## What is expected
In the records below, begin at the line that has "GWです。 5月に入ってやっと水温も上がってきました。 天気も良くあったかく、まさにダイビング日和です。" and stop after the line that has "Luxury vinyl plank"; quote those lines verbatim and nothing more.

[[ Materials provided, beginning ]]

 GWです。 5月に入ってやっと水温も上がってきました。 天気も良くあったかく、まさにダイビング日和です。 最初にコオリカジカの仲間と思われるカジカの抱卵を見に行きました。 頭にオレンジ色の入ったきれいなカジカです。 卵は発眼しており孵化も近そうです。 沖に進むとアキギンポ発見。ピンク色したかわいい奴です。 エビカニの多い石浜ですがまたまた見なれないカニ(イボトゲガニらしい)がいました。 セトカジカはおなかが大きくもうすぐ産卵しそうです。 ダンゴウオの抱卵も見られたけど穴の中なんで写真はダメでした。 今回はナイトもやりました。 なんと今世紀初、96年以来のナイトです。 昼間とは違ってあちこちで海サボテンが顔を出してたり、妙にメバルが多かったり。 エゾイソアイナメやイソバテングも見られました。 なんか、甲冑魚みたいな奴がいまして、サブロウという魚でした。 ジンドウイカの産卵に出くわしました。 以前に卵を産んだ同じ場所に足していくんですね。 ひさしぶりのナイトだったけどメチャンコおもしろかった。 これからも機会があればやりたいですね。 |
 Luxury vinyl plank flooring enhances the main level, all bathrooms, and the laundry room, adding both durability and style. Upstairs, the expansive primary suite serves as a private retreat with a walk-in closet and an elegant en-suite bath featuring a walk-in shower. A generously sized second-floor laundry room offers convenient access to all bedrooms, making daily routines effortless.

[[ Materials provided, end ]]
[[ Materials provided, beginning ]]

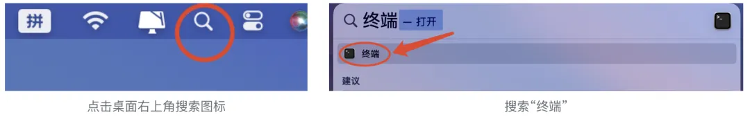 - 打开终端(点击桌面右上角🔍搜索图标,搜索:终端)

[[ Materials provided, end ]]

## Task solution
 GWです。 5月に入ってやっと水温も上がってきました。 天気も良くあったかく、まさにダイビング日和です。 最初にコオリカジカの仲間と思われるカジカの抱卵を見に行きました。 頭にオレンジ色の入ったきれいなカジカです。 卵は発眼しており孵化も近そうです。 沖に進むとアキギンポ発見。ピンク色したかわいい奴です。 エビカニの多い石浜ですがまたまた見なれないカニ(イボトゲガニらしい)がいました。 セトカジカはおなかが大きくもうすぐ産卵しそうです。 ダンゴウオの抱卵も見られたけど穴の中なんで写真はダメでした。 今回はナイトもやりました。 なんと今世紀初、96年以来のナイトです。 昼間とは違ってあちこちで海サボテンが顔を出してたり、妙にメバルが多かったり。 エゾイソアイナメやイソバテングも見られました。 なんか、甲冑魚みたいな奴がいまして、サブロウという魚でした。 ジンドウイカの産卵に出くわしました。 以前に卵を産んだ同じ場所に足していくんですね。 ひさしぶりのナイトだったけどメチャンコおもしろかった。 これからも機会があればやりたいですね。 |
 Luxury vinyl plank flooring enhances the main level, all bathrooms, and the laundry room, adding both durability and style. Upstairs, the expansive primary suite serves as a private retreat with a walk-in closet and an elegant en-suite bath featuring a walk-in shower. A generously sized second-floor laundry room offers convenient access to all bedrooms, making daily routines effortless.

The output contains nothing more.